Are Slasher Movies "Gay AF?" Gen Z Gays Says "Yes!" As I Smack My Forehead In Disbelief!

It's almost Halloween, the season of slasher movie pajama parties, or if we're to believe Gen Z gays, they're strictly gay slasher movie pajama parties. Why? Because "slasher movies are gay AF!" Which, I have to say, I find both adorable - oh, you cute li'l gays - and mildly annoying, if only because slashers have historically been openly misogynist and vaguely Republican with respect to sex, or rather, punishing anyone who was sexual, or had sex, particularly women, with deaths both gruesome and titillating. The prime example of this is arguably the first slasher, Alfred Hitchcock's "Psycho," the slashing death of Janet Leigh in the shower a tour de force of masterful savagery and peek-a-boo nudity, and, yes, there's a cross-dressing villain played by Anthony Perkins, a closeted gay actor. 

Low-budget mavens took Hitch's template and ran with it, creating a series of crude, slapped-together slashers which scant craftsmanship, much less any artistry. If anything, they seemed like quickie grindhouse excuses for straight male teens to get their rocks off via the female nudity, cheer their violent deaths, and cop a feel from their terrified dates. 

But a funny thing happened on the way from Brian De Palma's "Carrie" to Wes Craven's "Scream." In "Carrie," genuine pathos and Oscar-nominated performances were introduced into the genre, and while it's not technically a slasher, it introduced a template which slasher's would utilize relentlessly thereafter: the female outsider, in this case one who struck back at her high school foes in a prom sequence which had audiences torn between cheering her on and being horrified at her destructive powers.

Gen Z gays have now latched on to "Carrie," whom they say is a coded gay man, a laughable assertion when one considers De Palma's brilliantly leering camera as it slinks through a locker room with barely clad mean girls, or moves in for a sumptuous close-up of bad girl Nancy Allen licking her lips. De Palma would later tell us what was really at work in slasher movies in 1980's "Dressed to Kill," in which the slashing death of Angie Dickenson in an elevator was cross-cut with Nancy Allen, a savvy prostitute, discussing the increased riches to be earned in the stock market; the slashing death being "the movie," the stock market chatter a stand-in for the rising box office returns of a tawdry genre. 

Yet slashers, as tawdry, misogynist and poorly made as they generally were - see any "Friday the 13th" movie (come for me, fanboys) - were cracked wide open with the first "Scream," which offered the gory slasher goods aplenty, but also gleefully illuminated the genre's many tired cliches. Save for one. Like Carrie, the heroine Sydney is something of an outcast, her mother being "Ghostface's" first (offscreen) slasher victim, and a tough cookie to boot. Gen Z gays also claim Sydney as a coded gay hero, an assertion they say is buffeted by the fact that Kevin Williamson, the movie's screenwriter, is openly gay. 
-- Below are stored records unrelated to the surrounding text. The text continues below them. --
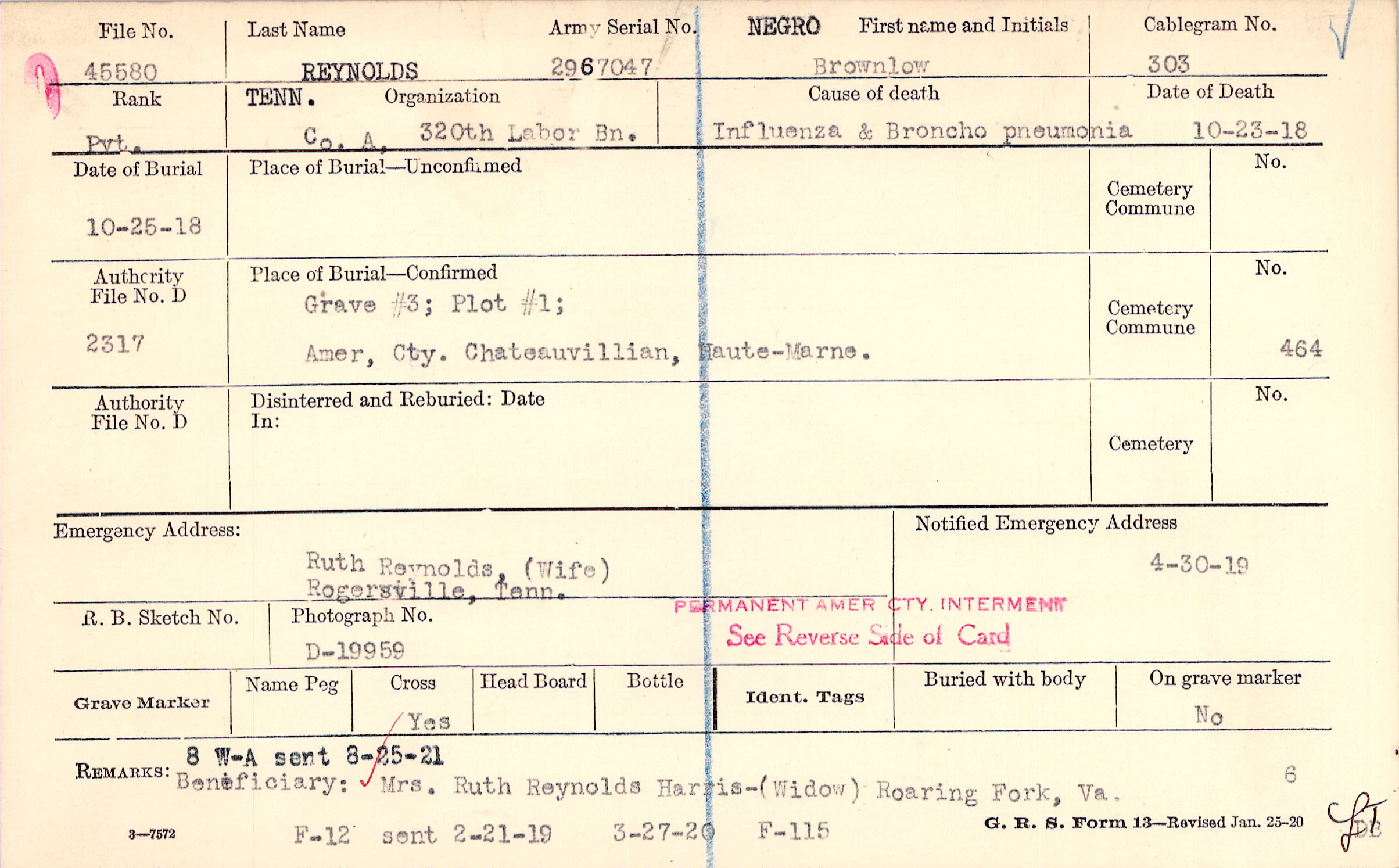 Grave #3, Plot #1,Amer. Cty.,Chateauvillian, Haute-Marne.
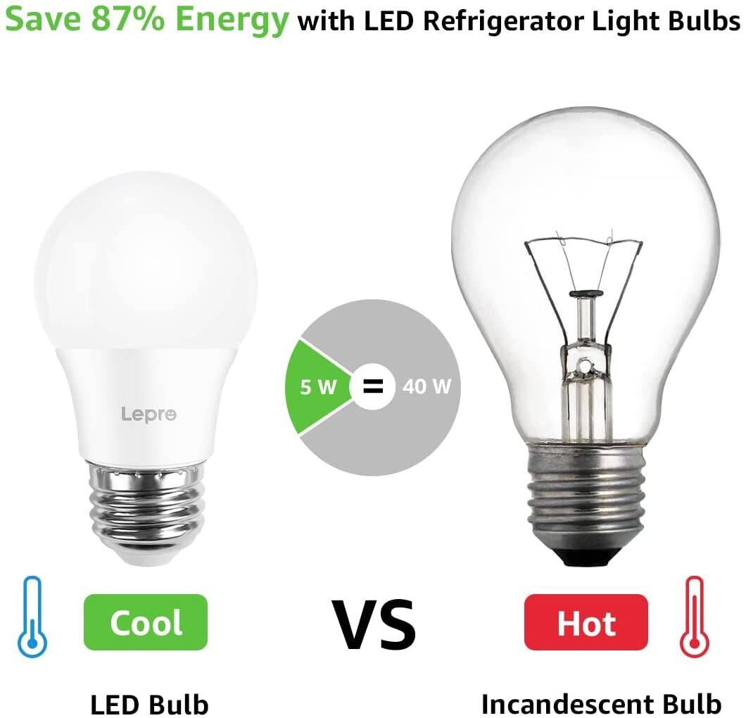 Lepro Refrigerator Light Bulb, LED Fridge Bulb, 40W Equivalent, Waterproof Freezer Bulbs, 120V 5W 450 Lumens Non-Dimmable, 5000K Daylight White, A15 E26 Medium Base, 2 Packs
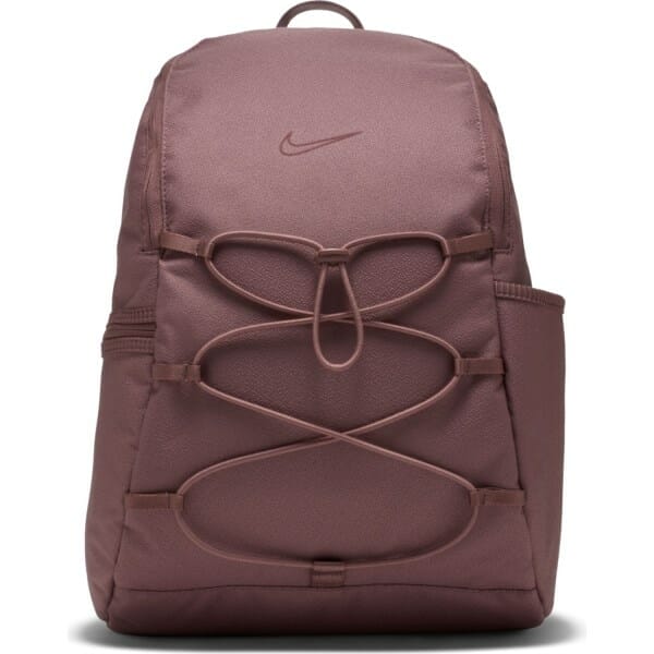 Fitness Mania – Nike One Womens Training Backpack Bag – Smoky Mauve You?ll never have to toss and turn over what to bring to the gym, work or school with the Nike One women?s training backpack? combining a spacious design with modern style. Everything has its place? your laptop has a safe home in the padded sleeve, your yoga mat can be secured with the elastic bungee cord and even your sunnies have a spot of their own in the sleek soft-lined upper back pocket. One zip side pocket and one slip-in side pocket let you tuck away essentials in close reach. A me
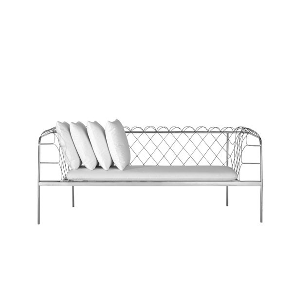 Réalisé en acier inoxydable, ce canapé résiste aux intempéries et s'installe aussi bien dans votre salon que sur votre terrasse ou dans votre jardin.
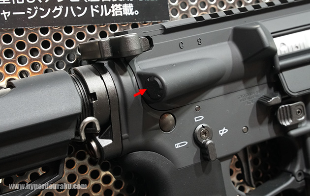 前回のマルイフェスティバル4の展示モデルと大きな変更はないが、リコイルスプリングアッシーがテイクダウン時に飛び出さないよう、矢印の部分にストッパーピンが付いた。
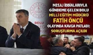 Edinilen bilgilere göre, söz konusu mesajlaşmayı fark eden öğretmenin eşi, olayın ardından öğle saatlerinde Bolu İl Milli Eğitim Müdürlüğü binasına geldi. Burada Milli Eğitim Müdürü ile yüz yüze görüşen eşin, çıkan tartışma sırasında Milli Eğitim Müdürü’nü darp ettiği iddia edildi.Yaşanan arbede sonrası Milli Eğitim Müdürü’nün sağlık kuruluşuna giderek darp raporu aldığı öğrenildi. Olayın ardından tarafların birbirinden şikâyetçi olup olmadığına dair henüz resmi bir açıklama yapılmazken, emniyet birimlerinin konuyla ilgili inceleme başlattığı öne sürüldü.Kurum binasında yaşandığı iddia edilen olay, eğitim camiasında ve kamuoyunda büyük tepkiye neden olurken, gözler Bolu Valiliği ve Milli Eğitim Bakanlığı’ndan yapılacak olası açıklamalara çevrildi.Öte yandan, iddiaların doğruluğu ve olayın tüm yönleriyle aydınlatılması için resmi makamların yürüteceği soruşturmanın sonucu bekleniyor. Taraflardan şu ana kadar kamuoyuna yönelik herhangi bir yazılı açıklama yapılmadı.Gelişmelerin netleşmesiyle birlikte olayın perde arkasının ortaya çıkması bekleniyor.kaynak: https://boluhedef.com/haber/bolu-milli-egitim-mudurlugunde-skandal-iddiaİşin ilgin tarafı ise ilgili il müdürünün, okul müdürlerine gönderdiği mesajla, “Aileleriyle Birlikte Çocuklar Camide 2024” projesi için talimat verdi. Mesajda, proje kapsamında veli, öğretmen ve öğrencilerin camideki akşam namazına katılması için gerekli duyurunun yapılması istendi.Bolu İl Milli Eğitim müdürü “Aileleriyle Birlikte Çocuklar Camide 2024” projesi kapsamında öğrenci, öğretmen ve velileri 3 Ekim akşamı Bilal-i Habeşi Camii’nde akşam namazına çağrıldı. Velilere, öğretmenlerin ve öğrencilerin katılması için okul müdürlerine gönderilen mesajda şöyle denildi:“Değerli müdürlerim, hayırlı sabahlar. Yarın akşam yapacağımız akşam namazı programının tüm veli, öğretmen ve öğrencilerimize ulaştırılması gerekiyor. Hassasiyetiniz için teşekkür ederim. Bekliyoruz.”
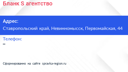 Бланк`S, агентство по адресу Ставропольский край, Невинномысск, Первомайская, 44 в дальнейшем Организация, размещена в следующих категориях:
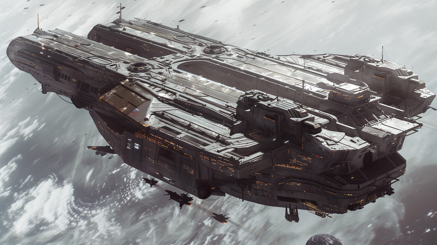 The Firewatch’s multiple hangars and runways allow it to rapidly deploy a variety of craft—ranging from troop transports and heavy cargo shuttles to VTOL gunships and atmospheric fighters. These bays are heavily reinforced, featuring magnetic clamps, pressurized docking seals, and advanced cargo management systems that swiftly cycle assets into combat or retrieval operations.
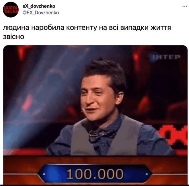 В сети также вспомнили о том, что Владимир Зеленский когда-то вел телешоу "Миллионер — Горячее кресло", а также привязали шутку про 100 тысяч к другим темам и известным персонажам.
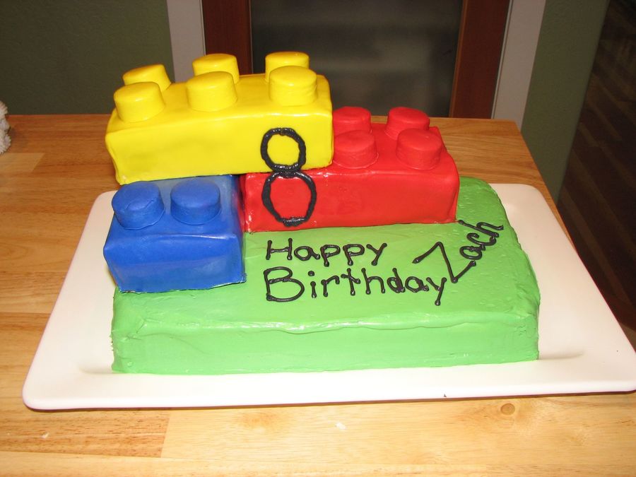 My son found a cake online that he liked and asked me to do it as well. I tried... not my best cake for sure... The legos are covered in fondont (only my second cake covered in fondont) and the bottom layer is cream cheese frosting.
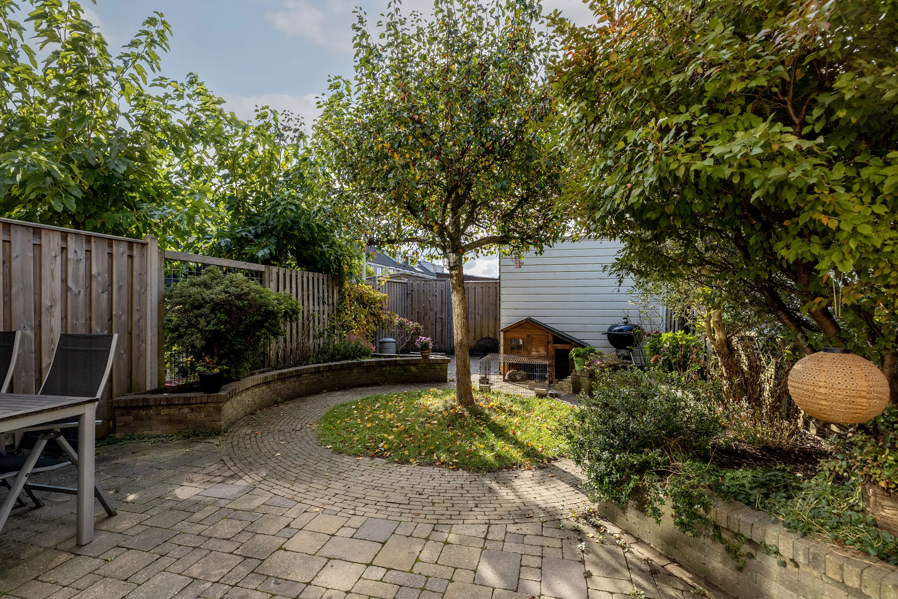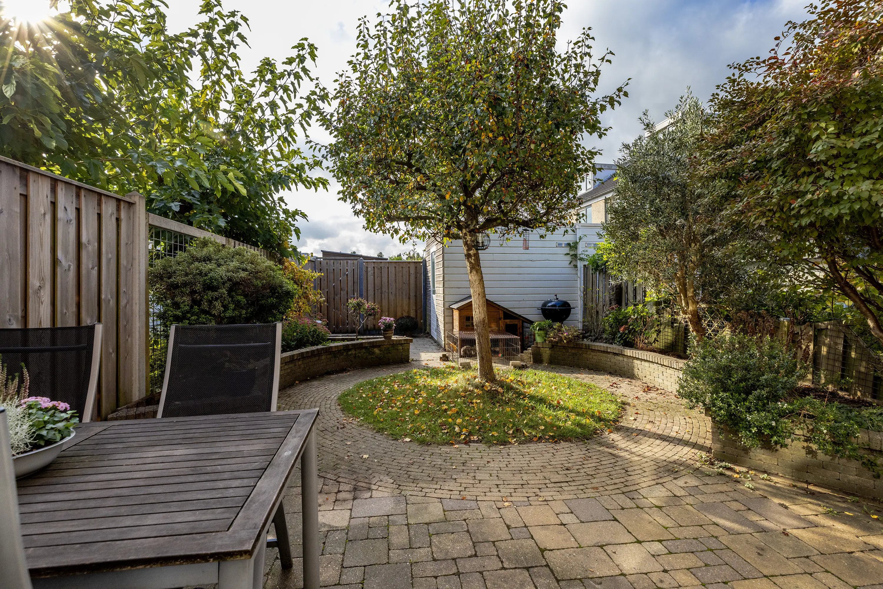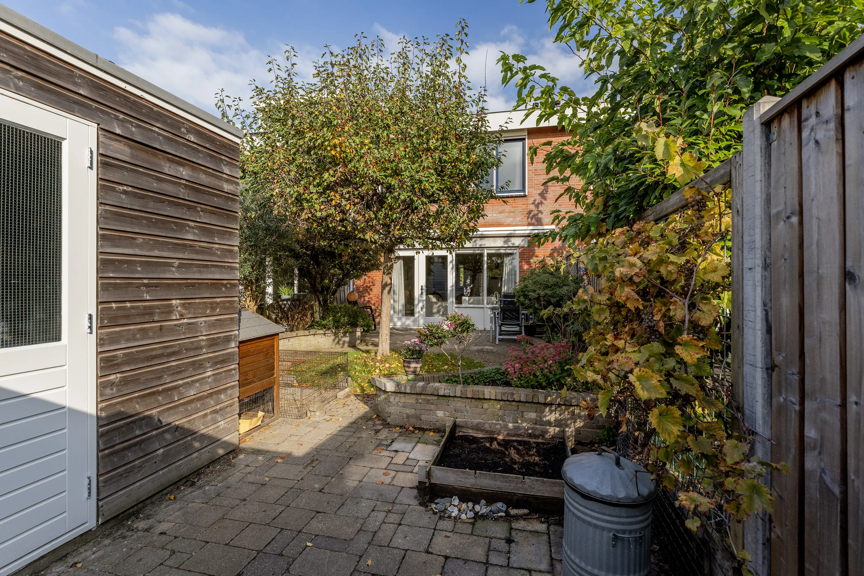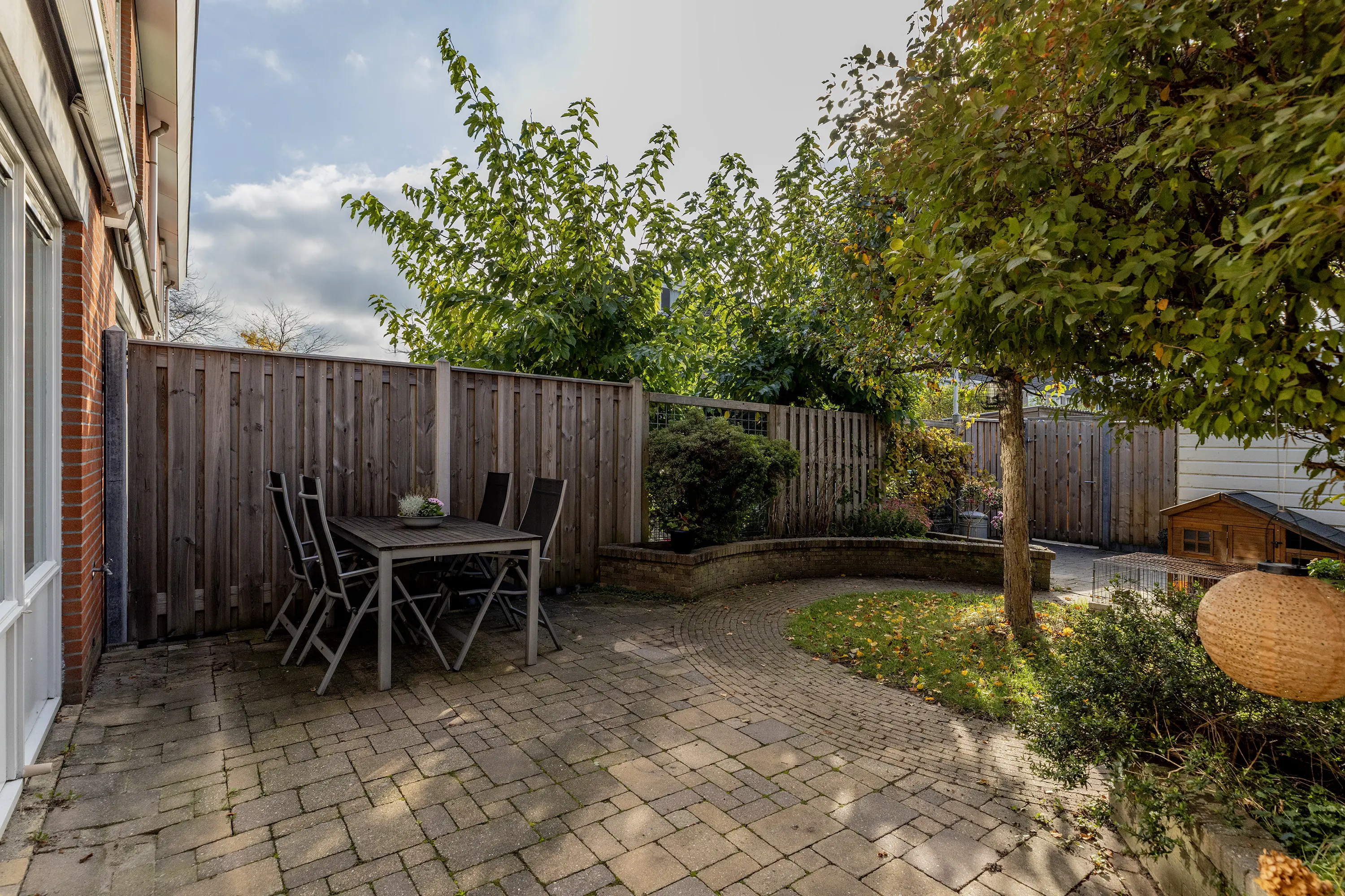 De achtertuin is verzorgd aangelegd met sierbestrating en beplanting, en ligt ideaal op het zuiden. Hier geniet je de hele dag van de zon! Achterin de tuin staat een houten berging en via de achterom is de tuin gemakkelijk bereikbaar. Een handmatig zonnescherm biedt desgewenst schaduw tijdens warme dagen.

I dearly want to slap these Gen Z gays upside the head, but also encourage them to keep looking and learn more. Roger Ebert, in an ambivalent review of the original "Scream," said that for all of the movie's amusing, self-referential tics, it was still a slasher, a genre he and Gene Siskel truly loathed, mostly because of their rank misogyny. But Gen Z gays will assert that slashers put forth "iconic" strong women, or "final girls" who triumph against all odds, which they further declare all gay men are attracted to since their very presence is "camp," the latter a claim so garbled, and with so little understanding of what "camp" is, that I once more want to slap them upside the head.

But really, the only thing Gen Z gays can accurately claim in their assertion that slasher movies are "gay AF" is their long standing as an "outsider," or ignored, genre of movies. But for Gen Z, they're now the tacky reborn as "relevant," the misogynist reframed as "empowering." I'm not buying it. And unless you're a true artist - a Hitchcock, a Craven, a De Palma, a John Carpenter (sometimes), or an Ari Aster - I probably won't watch it or take it seriously as anything more than the movie industry's easiest, most reliable cash grab. Slashers aren't "gay AF," but they are, like Nancy Allen's prostitute, capitalist AF.